I listened a couple of times this morning to Rock Bottom, a solo album by Robert Wyatt. I spent years in my teens muddling around with the art rock musicians who had been active 10 years before, including the stellar line-up on the Wyatt record. I had a copy of the New Rock Record, essentially a print-out of a vast database of session musician and headliner work that allowed you to look up any musician and see all the records they had appeared on, and I went through it virtuoso by virtuoso. I particularly liked Steve Hunter, a guitarist whom I thought lost even to Google, but in fact who has a new record out!
All of that aside. What I'm trying to say (and doing rather more circuitously, even, than usual) is that there is a whole world of music in the small art-rock genre down there in the hole with this Wyatt record. I could listen to the genre frequently enough so that some of the playing in the tracks actually made me laugh, as I could perceive the wit in the playing (not in the lyrics, which I found generally to be heavy and unremarkable -- I referred to the spoken word segments as "a-------e sequences" -- but then, as I say, I was younger). That was heady stuff, but lonely in some ways, for a 17-year-old. It was a great way to spend the money I made at Hardee's, and selling ice cream.

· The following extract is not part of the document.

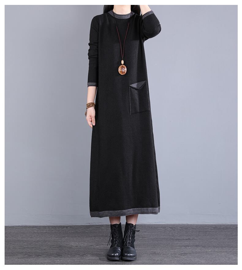 ワンピース 長袖 ロング丈 シンプル 無地 フレア スリム ゆったり 大人カジュアル お出かけ

(photo via Cromacom on flickr)
Listening to Rock Bottom took me back with much more age and intelligence than I had the first time, and so I didn't tap my foot impatiently, hoping for a hook. Instead, I tended this time to just sit and listen. I had to acknowledge that I don't have the patience for this work, any more, if I ever did. Or, at least, I don't think I do -- but on the other hand, I still love things like the Mars Volta and Emerson Lake and Palmer.
What I realize is that there was a time when rock and roll had an artistic side it now lacks, when it was possible just to be an artist and make artful, artistic rock. Not just Art Rock, mind you, but rock for the sake of its existence as a work of art. Did it sell? Well, Wyatt's record did, 1000 recordings says, and I don't doubt it. But this was 1974, and certainly it doesn't compare in memory to other work we heard from that year -- oh, say, Rock and Roll Animal, the Lou Reed live record on which Hunter worked. Such art music had to be recorded, of course, and the record companies weren't what you'd think of as non-profits, but they could sink a lot of art work in an ocean of profit and diligent A&R work and speculation. And you never knew when you'd find a knew Pink Floyd, even if -- and about this they could be patient, back then -- it took five or six records to have a major hit.
Now, Rock Bottom sounds lush and truly experimental, instead of just irritating, which is how I felt about Soft Machine stuff when I was so much younger. But I don't know: I guess I'm a pop music guy. As I said earlier, sometimes I Want Candy. (Maybe more often than I want to admit.)